La relación salarial no
especifica a los individuos según estatutos
Las mujeres son «proletarizadas»
(devienen asalariadas) como un grupo social específico. Este estatuto se
manifiesta en fenómenos que fueron analizados en profundidad: doble jornada
laboral, variación de las tasas de empleo en función de la desocupación, jornada
a tiempo parcial, oficios denominados «femeninos», etc. Sin embargo, en este
último caso, la variación de acuerdo a los cambios de coyuntura o a la
evolución histórica muestra que el carácter sexuado de los distintos sectores
laborales no remite a una definición social estricta de lo masculino y de lo
femenino en el ámbito de la producción. Es cierto que esta última no se limita
a constatar las relaciones asimétricas entre los sexos, sino que contribuye a
reproducirla. Pero en última instancia, esta situación no deriva de las
propiedades de la producción capitalista, sino del estatuto que les asigna a
las mujeres la familia moderna. Por otro lado, esto es lo que muestran en
general los estudios sobre el carácter sexuado de esta institución. La contradicción
opera también en el sentido inverso. Las mujeres son proletarizadas en tanto
que mujeres, pero en ese mismo movimiento se convierten en asalariadas. Una de
las conquistas del feminismo es haber mostrado que la participación en la
producción social no es equivalente a la emancipación. Pero, al menos en su
gran mayoría, las feministas no cuestionan el hecho de que convertirse en
asalariadas sea un factor importante, e incluso decisivo, en el camino hacia la
emancipación. No insistiré sobre este punto. Solo quiero señalar que no se
trata simplemente de la independencia económica, de la participación en
actividades sociales, etc. La relación salarial no especifica a los individuos
según estatutos. En tanto intercambia esa mercancía tan particular que es la
fuerza de trabajo en el marco de esta relación social específica, que es la
relación salarial capitalista, el asalariado es concebido como un individuo al
mismo tiempo libre e igual a todos los otros individuos. Y esta determinación
no es meramente formal, aun si, por otra parte, el trabajo asalariado es una
relación social que sirve de mediación a la explotación capitalista.

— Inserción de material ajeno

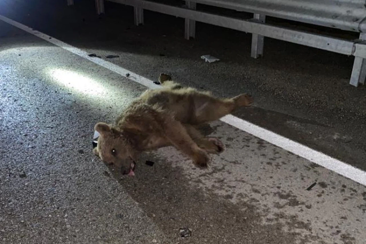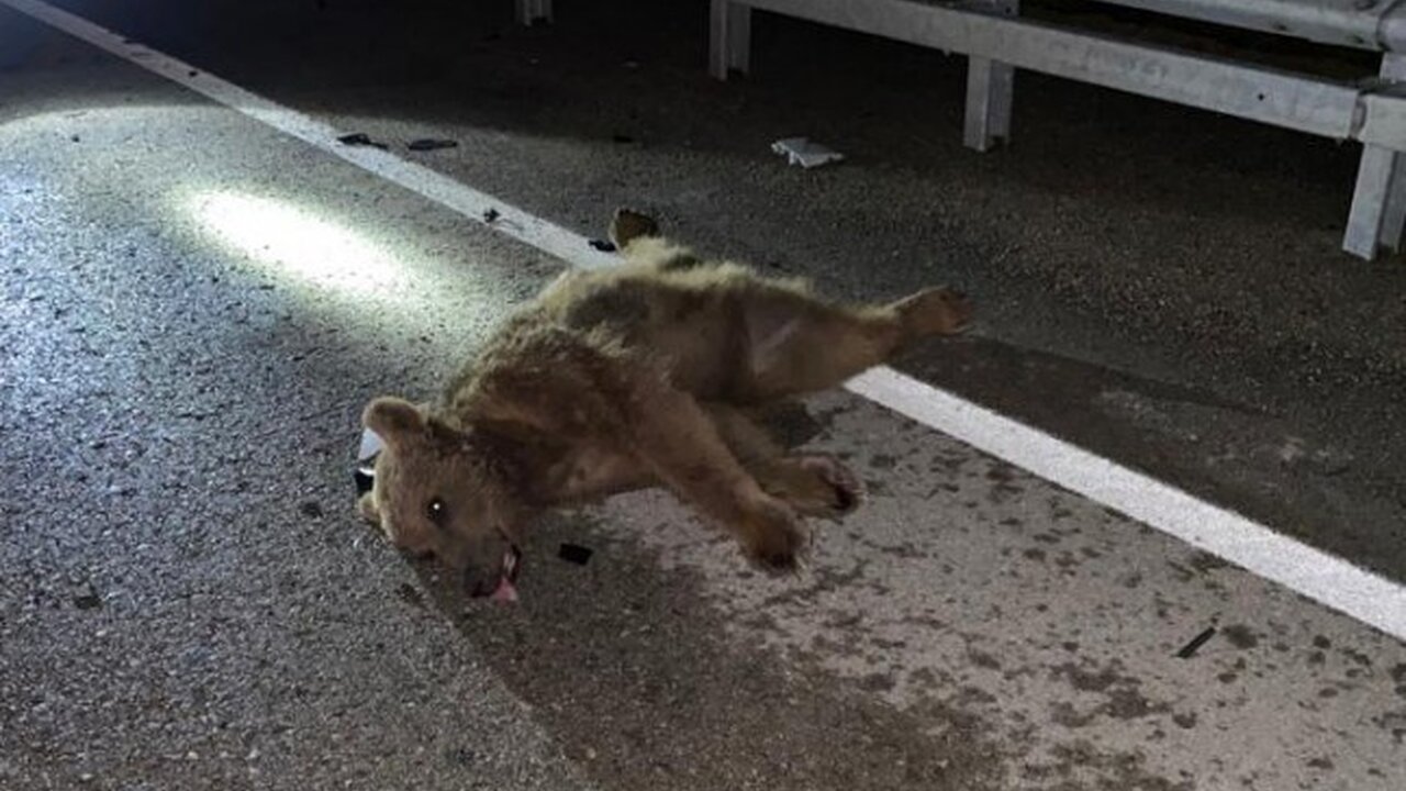 Yağış nedeniyle kayganlaşan yolda çarpmanın etkisiyle yoldan çıkan otomobilin sürücüsü O.K. yara almadan kurtulurken çarptığı ayı ise telef oldu.

Aunque esta relación sea sexuada,
la misma determinación opera en el caso de la mujer asalariada que, al
participar de este intercambio mercantil, es concebida como un individuo al
mismo tiempo libre e igual a los otros individuos. De esta manera, ingresa de
lleno en la esfera jurídico-política moderna en la cual se enuncia, como una
exigencia sin cesar repetida, la cuestión del derecho a la libertad y a la
igualdad. No obstante, la categoría de igualdad de la que aquí se trata no es
exactamente la misma de la que hablamos a propósito de la familia moderna, que
especifica a la mujer como un individuo sexuado. Con todo, como explica Marx,
el proceso de intercambio de mercancías no presupone la libertad y la igualdad
de los individuos, pero dicta su equivalencia: para él la diferencia entre los
individuos no existe. En este sentido, lo que caracteriza al sujeto
jurídico-político moderno es su abstracción en el sentido fuerte del término:
el individuo es abstraído de sus condiciones relacionales de existencia. Por lo
tanto, no es sexuado.
Es cierto que con el desarrollo
del derecho social, se concreta toda una esfera del derecho moderno que trata a
los individuos en tanto que pertenecen a un grupo social particular. De hecho,
se observa en este marco el estatuto que la familia moderna les asigna a las
mujeres, por ejemplo, en la construcción del Estado de bienestar. Aun si luego
muchos países se alejaron de este estándar, «la mayor parte de los Estados
establecieron un modelo sexuado de acceso a los derechos sociales, que define y
trata a las mujeres como madres y/o esposas» (Lewis, La place des femmes, La
Découverte, 1997, p. 406). Sin embargo, en su núcleo duro, por medio del cual
se especifica al sujeto jurídico-político, el derecho moderno todavía se define
por la abstracción. Es precisamente esto lo que permite comprender el lugar que
ocupó (y que ocupa todavía) en las luchas por la emancipación que se
desarrollan en nombre de una exigencia de «igualibertad» que se repite sin
cesar, puesto que existe «una tensión permanente entre las condiciones que
determinan históricamente la construcción de instituciones conforme a la
proposición de la igualibertad y la universalidad hiperbólica del enunciado»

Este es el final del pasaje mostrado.